▶ **DATA EXCERPTS**:
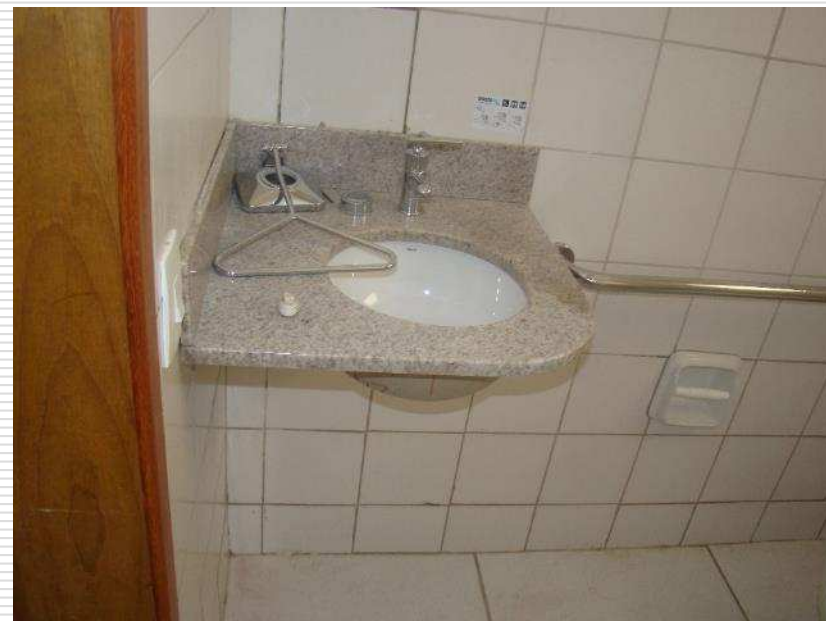
Bancadas dos banheiros em granito
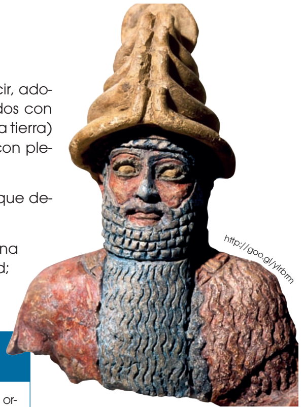
■ Shamash. Dios babilonio del Sol

La religión mesopotámica no ofrecía la esperanza de una vida mejor tras la muerte, ni esperaba la inmortalidad; por eso, aplicaba sus conocimientos para mejorar la existencia terrenal.
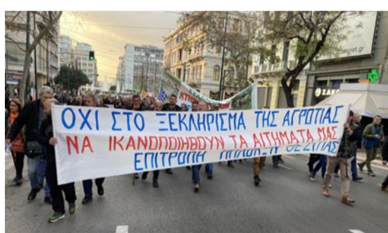
Η Επιτροπή Μπλόκων της Θεσπρωτίας
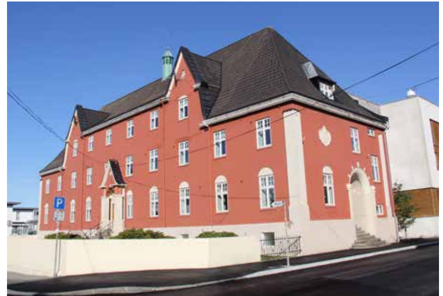
Fra april 1959 drev Holgersens Handelsskole undervisning i lokalene til Haugesund Barneheim sør i Haraldsgata.
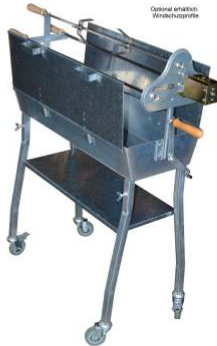
Optional erhältlich: Windschutzprofile

Windschutzprofile für konzentrierte Hitze auf dem oberen Antrieb des Holzkohlegrills. Zusammen mit dem Schutzdeckel können sie z.B. Schutz bei einsetzendem Regen bieten.
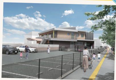
▲駐車場イメージ(令和5年2月完成予定)
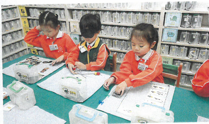
學校設有遊戲為本的「玩具圖書館」，共有逾500項「玩具寶盒」，寶盒以數理邏輯為主，遊戲內容由淺至深，能有效照顧個別差異，同時建立良好常規。
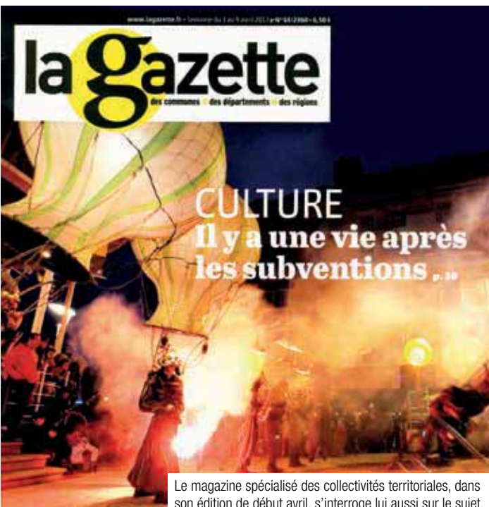
Le magazine spécialisé des collectivités territoriales, dans son édition de début avril, s'interroge lui aussi sur le sujet.
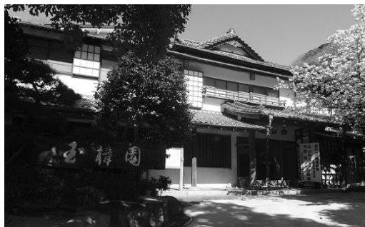
●過去に対局会場・宿舎となった施設の一例です
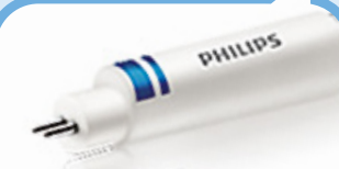
InstantFit HF T5 2x blauwe ring
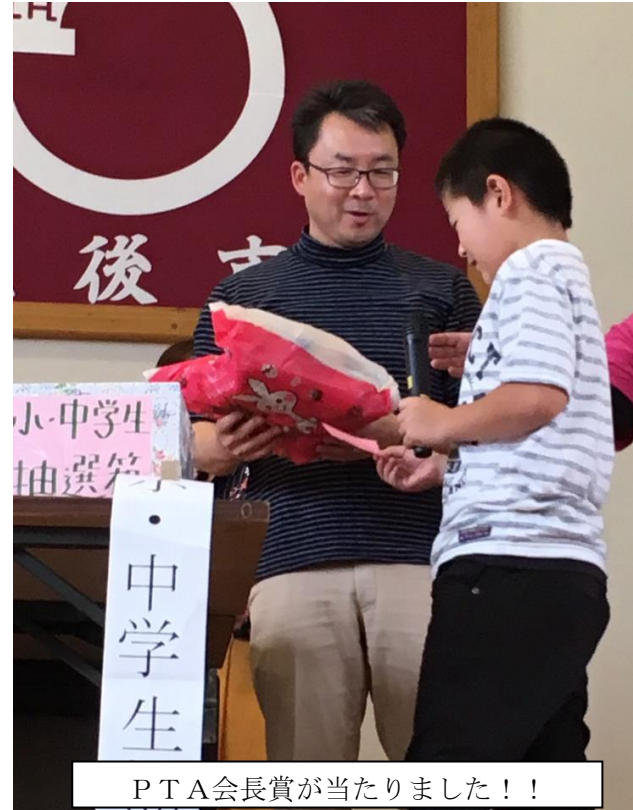
PTA会長賞が当たりました！！
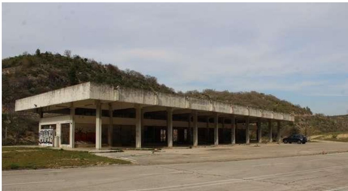
Slika 11: Napušten autobusni kolodvor
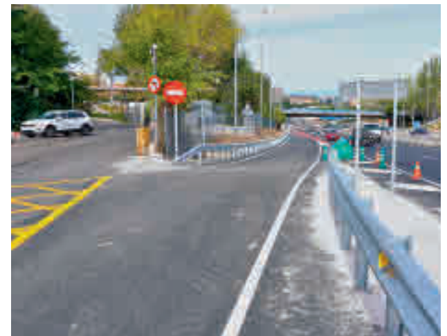
El nuevo ramal de conexión

▶ **WORK ORDER**:
Lines holding the word "Windschutzprofile" should be counted across the entries; state only how many there are.

▶ **SOLUTION**:
2